I build websites also and have found that some people are just *very* enamored with Flash. I think they are the same people who put those shiny spinning hubcaps on their SUVs. :) I can overlook the fact that the restaurant dumped a huge wad ‘o cash on a Flash site as long as their home page offers a link to their HTML version *and* it contains all the same information. They are basically paying to have two distinct sites built, but that is the penance they have to pay for using Flash.
I also firmly believe that no website should ever, ever, *ever* make sound by default. To me this is even more stupid than using Flash. All it takes is one time of someone sneaking a peek at said website at work to ensure that they never want to think about your website or restaurant again, let alone go there.
I leave you with this – I don’t know the person who posted it but I thought it was hilarious and very germane to this discussion:
http://venomousporridge.com/post/389785000/a-conversation-i-have-every-month-or-so
crankymuffin says
Also, in a related restaurant website gripe: why do restaurants insist on making me download their PDF menus? I don’t want to download a PDF every time I go to check something on your menu. Stop being cheap and put a sample menu page up, or something!
neophiliac says
Amen!
And not just restaurants, ALL online sellers of anything should have the most critical information IN TEXT on the front page. I like Flash for YouTube, but NOT for any site where I might want any information while I’m away from the LCD widescreen.
HerschelK says
This has been a pet peeve of mine for ages. Thank you, dude, for speaking up!
While out-and-about one Friday afternoon, I was unable to get the most basic information about Rocket on my cell phone. As a result I went elsewhere. In a rare moment of “follow through” on my part, I took the time later to email them about what happened. I received a very courteous and professional reply, which made me want to give them a second chance. Unfortunately they closed 2 weeks later.
Jordan Lev says
Amen brother!
In response to BurgerDogBoy’s comment — I am a web developer, and in my experience what happens more often than not is clients overrule the good judgement of the designer and insist on having flash intro pages. Pretty much every designer and programmer I’ve ever worked with has been well aware of flash’s detriments on an informational business site, but for some reason business owners *love* them.

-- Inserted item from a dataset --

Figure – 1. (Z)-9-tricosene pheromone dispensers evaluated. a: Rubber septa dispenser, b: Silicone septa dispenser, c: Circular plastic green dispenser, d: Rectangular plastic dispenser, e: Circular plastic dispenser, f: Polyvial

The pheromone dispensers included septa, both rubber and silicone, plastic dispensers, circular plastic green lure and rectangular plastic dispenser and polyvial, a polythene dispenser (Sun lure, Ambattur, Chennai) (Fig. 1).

Of course an argument could be made that designers/programmers aren’t presenting their case properly — i.e. just saying “flash sucks” isn’t going to change anyone’s mind — but when you start talking about poor search engine performance and lack of compatibility on iphones and blackberries, they usually reconsider it (usually — not always).
Tony Pereira says
For any restaurateurs reading this, here is an example of a nearly perfect restaurant website:
http://www.bunksandwiches.com/
meimoya says
OMG, awesome website. The bio’s are a great, unnecessary but simple, touch. I particularly enjoyed Mr. Resendiz’ quote.
I want one of their sandwiches now, and I could get one, once I got off the airplane…which is exactly the point of the website.
doughnut says
That’s just a repurposed blog. If that’s such a good website, why can’t I find the two most important pieces of info: address and hours? I’d also like to see one or two pictures that show me the atmosphere I should expect there.
nadia says
The address and hours are posted right on top. I agree, a little atmosphere pic or two would be nice. But… this site is easy to navigate and info is quick to be found.
Andrew Kaiser says
I recently saw another post on this same subject. I completely agree, to the point that I actually started a service that provided restaurant operators who had an existing site a platform that would provide their patrons a mobile friendly version of their website.

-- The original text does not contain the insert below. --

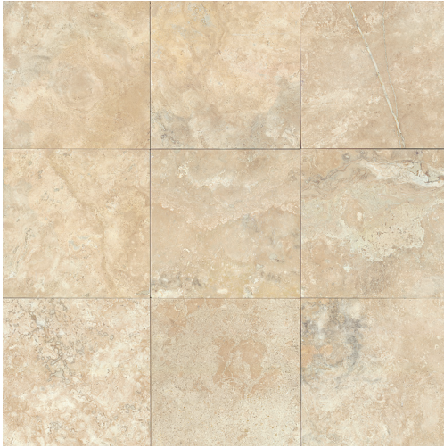
TRVTORREON1212FH - 12"x12" Filled & Honed TRVTORREON1212T - 12"x12" Brushed & Tumbled TRVTORREON1616FH - 16"x16" Filled & Honed TRVTORREON1616T - 16"x16" Brushed & Tumbled TRVTORREON1818FH - 18"x18" Filled & Honed TRVTORREON1818T - 18"x18" Brushed & Tumbled TRVTORREON2424FH - 24"x24" Filled & Honed

There have been some interesting and valid points discussed thus far, and what I found while discussing the idea with a variety of operators, marketers, and even food service companies was that the current crop of operator simply wouldn’t get it. In many cases the average mom/pop operator doesn’t even have an email address, most don’t have a website, and then to discuss the fact that they need a mobile site…well that’s just silly talk. I was fortunate enough to find a local operator who has a handful of very successful restaurants who could see the value in providing mobile friendly versions and they are using my service. If anyone is interested one of the sites is at edinagrill.com.

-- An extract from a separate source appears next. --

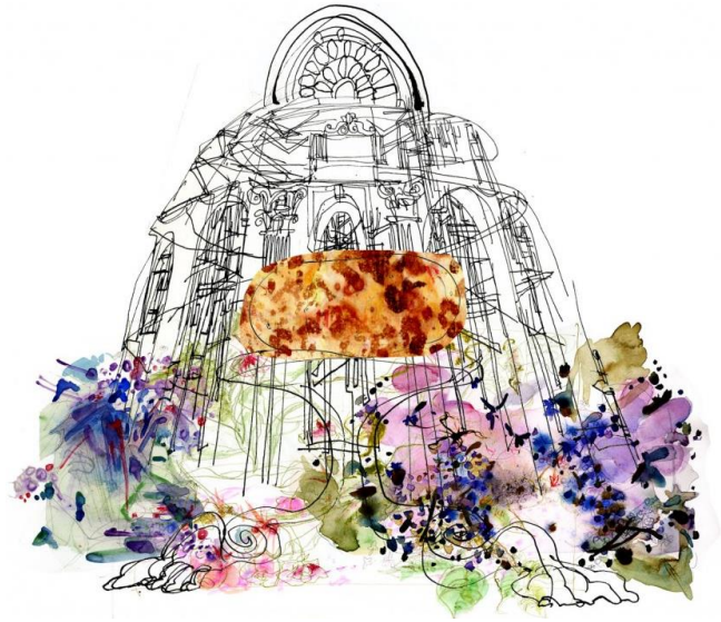
Figure 1. Illustration commissioned by JES copyright @ 2011 Margaret Hurst

Anyway, love the post. Carry on!
Steven Wei says
Having worked in the restaurant software industry for a number of years, I can definitely say that restaurant tech (in general) is about 5 years behind everything else. Most restauranteurs are too busy running their restaurants to spend much time worrying about their websites or general online/mobile marketing presence.
You’re definitely right, restaurant websites are one of the most inappropriate places for Flash content. When a customer goes to your site, they’re either looking for 1) location information, 2) store hours, or 3) menu information. In order to be effective, this data needs to be easily accessible.
Joisey says
I was having some problems accessing content on my college’s student portal, of course it was a flash issue. I did some research and I came across a few tech forums that said that Flash is very close to being reality for the Iphone and Blackberry platforms. I don’t know the veracity of those statements, but it gave me a small amount of hope for my Blackberry.
I heartily agree with ditching the menu PDFs and putting them up in html. Also, update your f**king info. I used to butt heads with my boss constantly because he didn’t update our menus and customers were complaining about items they wanted and couldn’t get.
No Flash says
Flash will most likely never be coming to the iPhone or iPad for that matter…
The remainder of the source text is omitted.